Segment Start: Input material

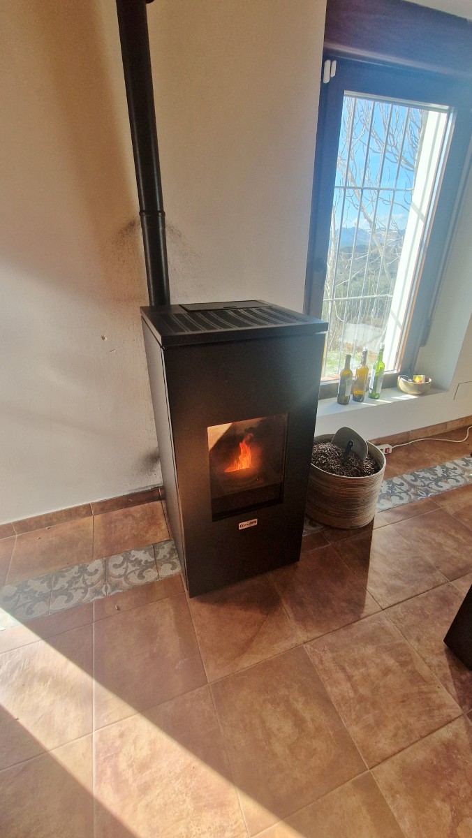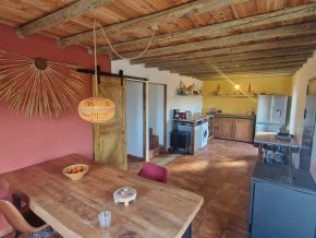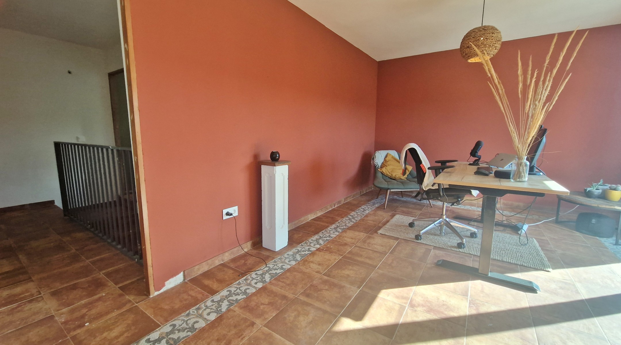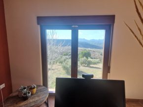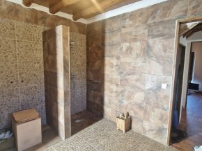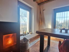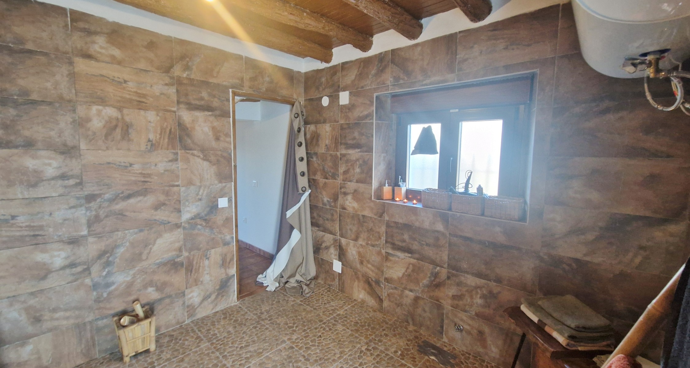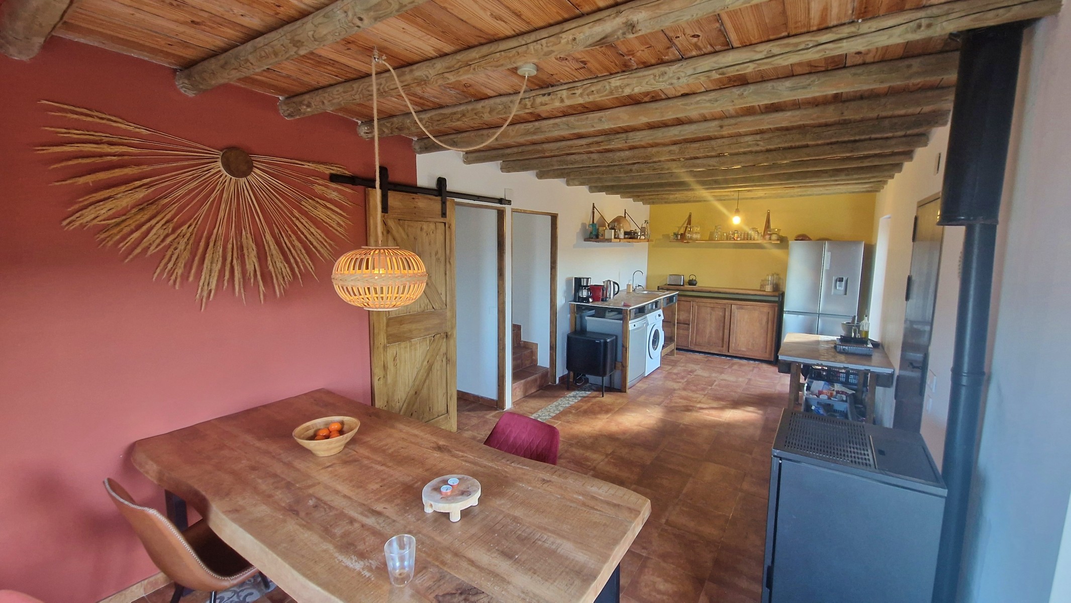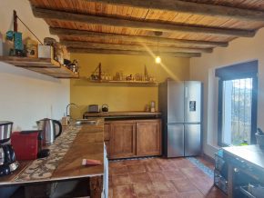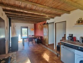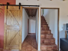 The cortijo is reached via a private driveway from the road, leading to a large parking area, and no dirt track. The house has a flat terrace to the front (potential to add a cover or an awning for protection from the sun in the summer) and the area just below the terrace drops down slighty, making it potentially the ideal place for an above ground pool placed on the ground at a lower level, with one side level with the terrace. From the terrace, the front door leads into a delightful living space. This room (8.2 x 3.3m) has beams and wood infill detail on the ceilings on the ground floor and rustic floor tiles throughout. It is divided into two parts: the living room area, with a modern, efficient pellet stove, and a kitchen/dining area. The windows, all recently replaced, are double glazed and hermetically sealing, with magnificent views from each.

Segment End: Input material
Segment Start: Input material

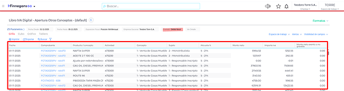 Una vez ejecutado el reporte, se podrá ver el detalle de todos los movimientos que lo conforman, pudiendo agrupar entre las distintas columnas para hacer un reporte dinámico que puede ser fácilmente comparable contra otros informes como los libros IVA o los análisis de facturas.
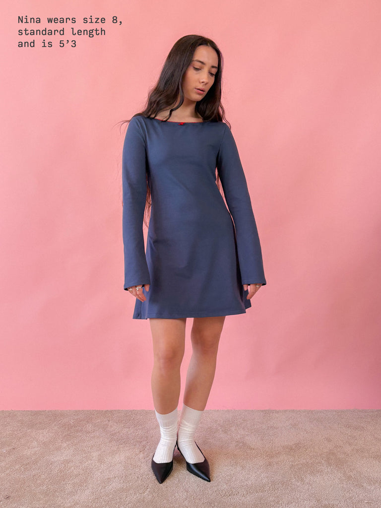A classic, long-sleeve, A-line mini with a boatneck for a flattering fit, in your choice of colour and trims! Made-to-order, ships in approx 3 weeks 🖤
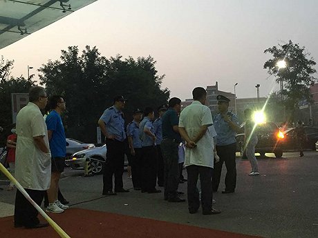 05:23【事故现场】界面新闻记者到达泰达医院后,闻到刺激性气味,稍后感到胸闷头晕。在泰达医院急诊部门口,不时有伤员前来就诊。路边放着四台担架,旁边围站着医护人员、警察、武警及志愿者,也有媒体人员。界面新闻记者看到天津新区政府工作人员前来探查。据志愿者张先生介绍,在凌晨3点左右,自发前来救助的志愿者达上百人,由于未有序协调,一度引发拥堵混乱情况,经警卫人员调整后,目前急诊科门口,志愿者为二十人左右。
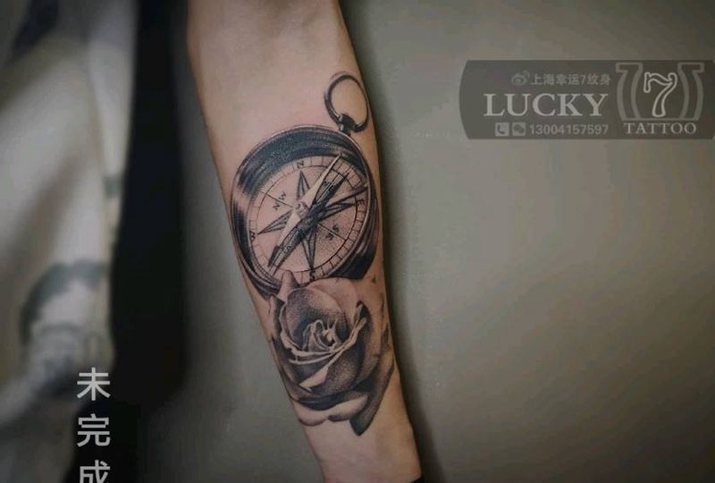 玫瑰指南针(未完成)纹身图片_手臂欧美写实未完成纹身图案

Segment End: Input material

§ Instructions to follow
Write down exactly what the lines above say, from the line holding "05:23【事故现场】界面新" through the line holding "玫瑰指南针(未完成)纹身图片_手臂欧美写实未完成纹身图案", and nothing more. Do not copy the pictures.

§ Exercise response
 05:23【事故现场】界面新闻记者到达泰达医院后,闻到刺激性气味,稍后感到胸闷头晕。在泰达医院急诊部门口,不时有伤员前来就诊。路边放着四台担架,旁边围站着医护人员、警察、武警及志愿者,也有媒体人员。界面新闻记者看到天津新区政府工作人员前来探查。据志愿者张先生介绍,在凌晨3点左右,自发前来救助的志愿者达上百人,由于未有序协调,一度引发拥堵混乱情况,经警卫人员调整后,目前急诊科门口,志愿者为二十人左右。
 玫瑰指南针(未完成)纹身图片_手臂欧美写实未完成纹身图案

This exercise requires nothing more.